THE TASK>
Every line of the data below should be repeated exactly, and no picture should be copied.

╭─ GIVEN DATA

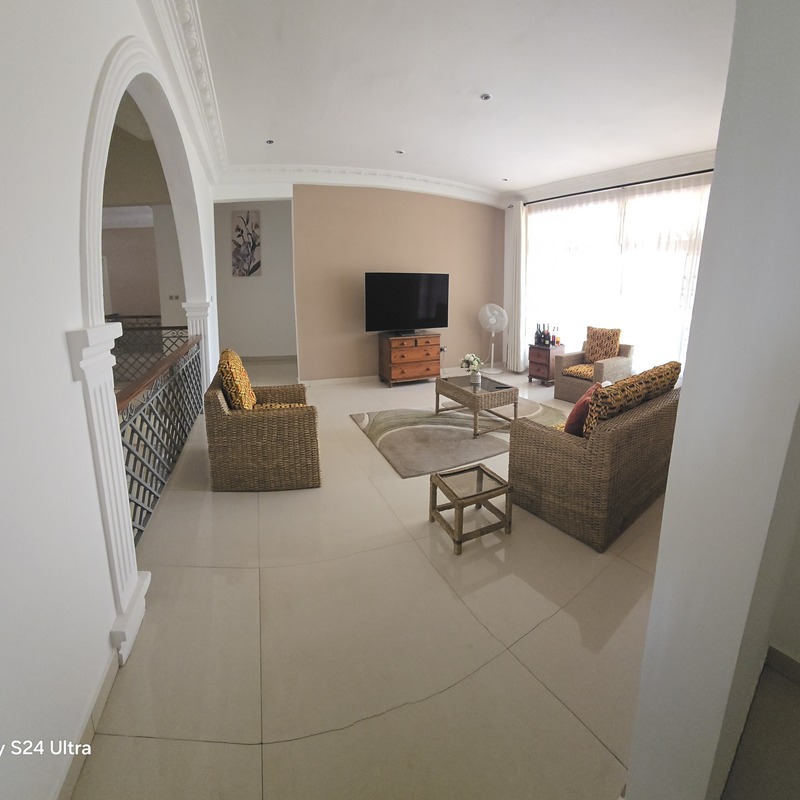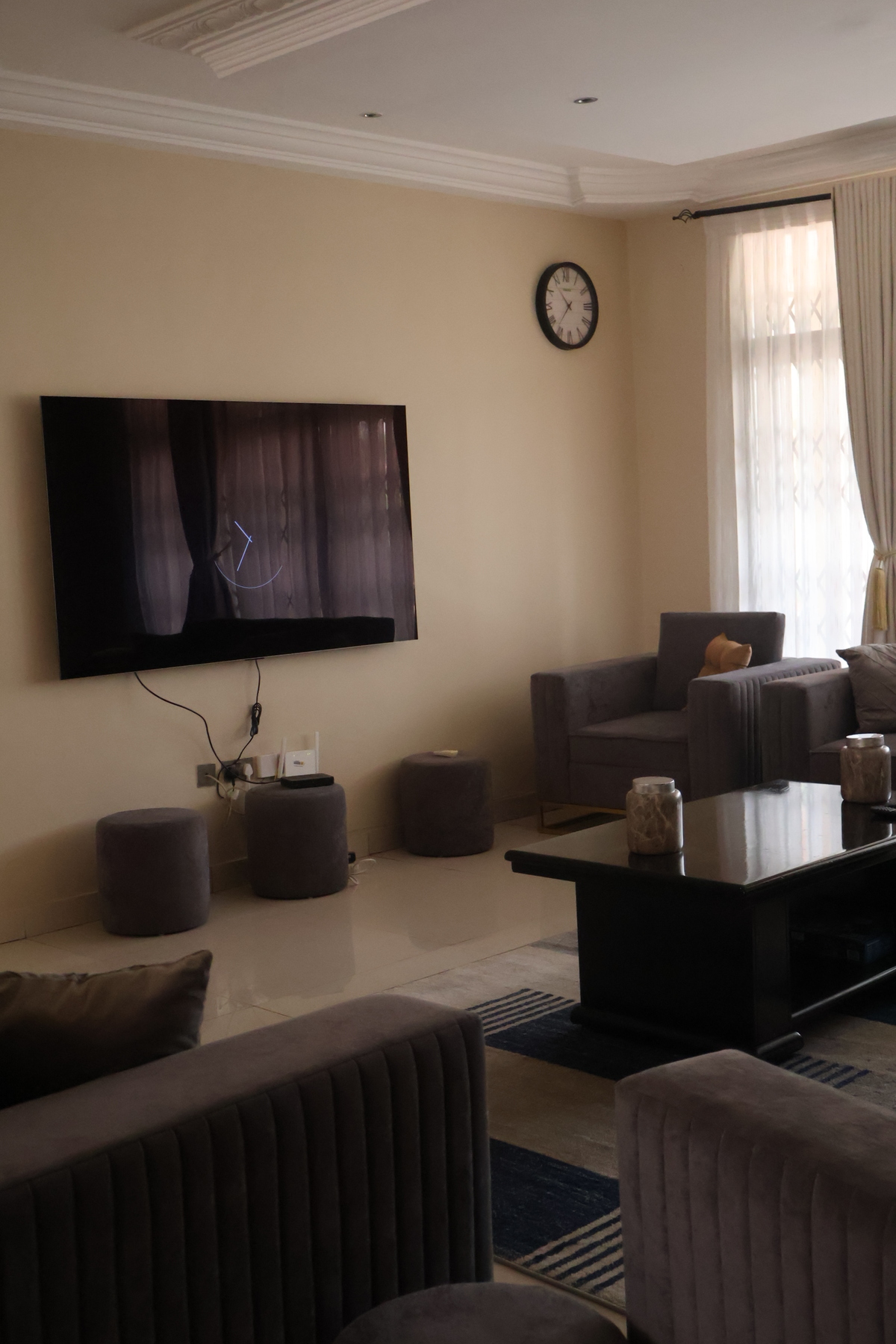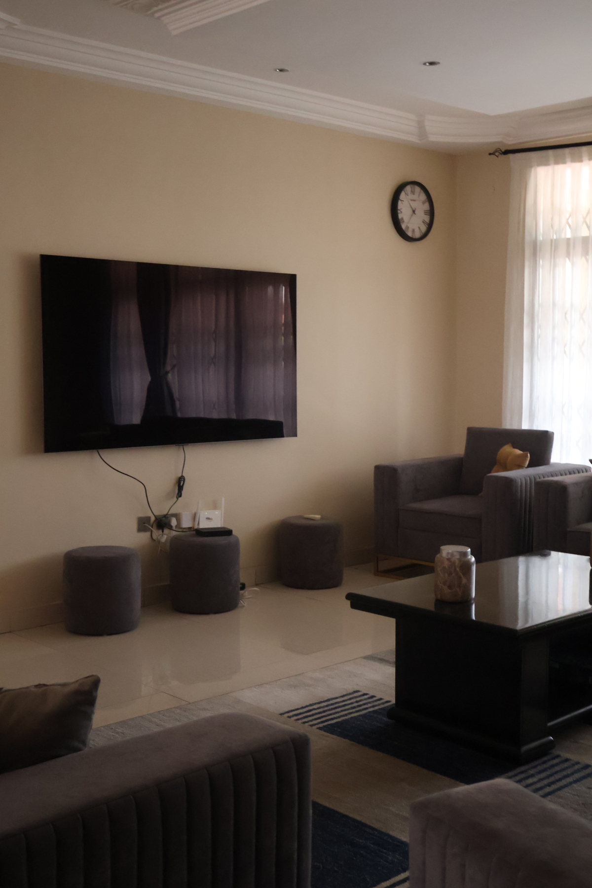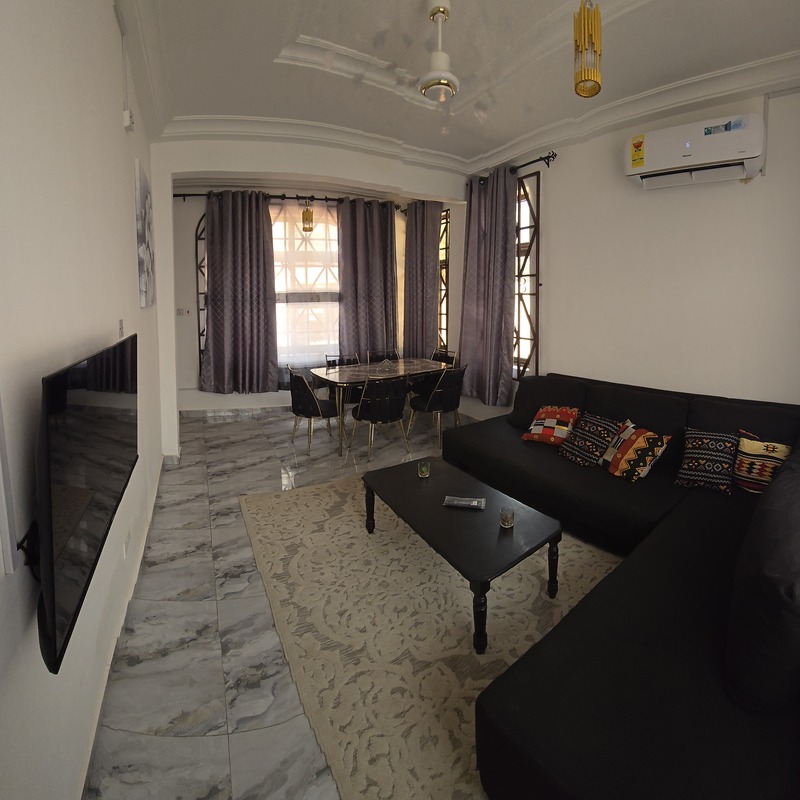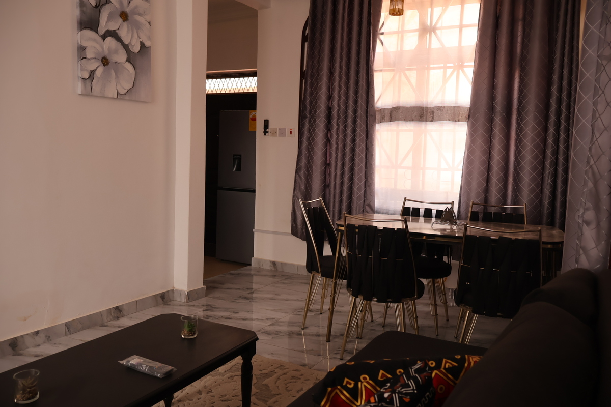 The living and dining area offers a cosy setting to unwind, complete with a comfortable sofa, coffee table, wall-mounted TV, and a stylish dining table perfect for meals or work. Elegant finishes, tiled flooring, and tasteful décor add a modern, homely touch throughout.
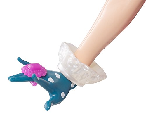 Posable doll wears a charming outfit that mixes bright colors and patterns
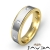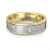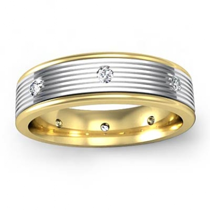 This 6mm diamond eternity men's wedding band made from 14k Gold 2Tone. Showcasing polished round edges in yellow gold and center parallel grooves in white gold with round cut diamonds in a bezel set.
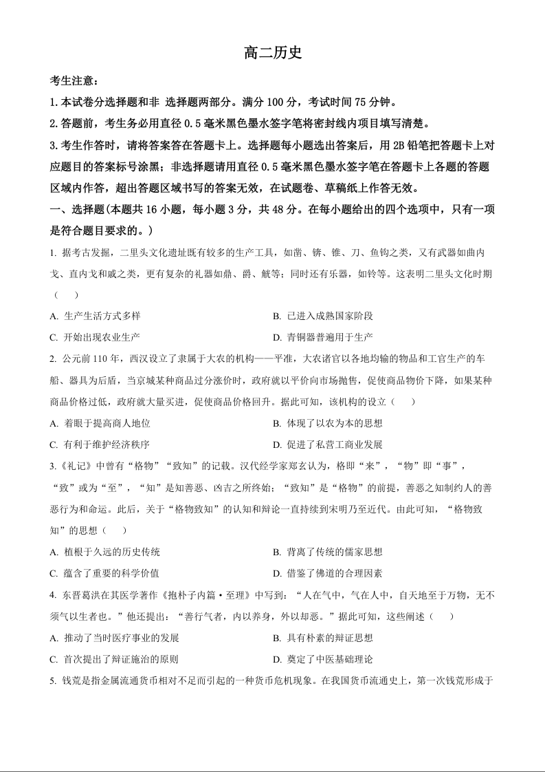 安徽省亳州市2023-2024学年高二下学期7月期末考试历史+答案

╰─

EXPECTED ANSWER>
 The living and dining area offers a cosy setting to unwind, complete with a comfortable sofa, coffee table, wall-mounted TV, and a stylish dining table perfect for meals or work. Elegant finishes, tiled flooring, and tasteful décor add a modern, homely touch throughout.
 Posable doll wears a charming outfit that mixes bright colors and patterns
 This 6mm diamond eternity men's wedding band made from 14k Gold 2Tone. Showcasing polished round edges in yellow gold and center parallel grooves in white gold with round cut diamonds in a bezel set.
 安徽省亳州市2023-2024学年高二下学期7月期末考试历史+答案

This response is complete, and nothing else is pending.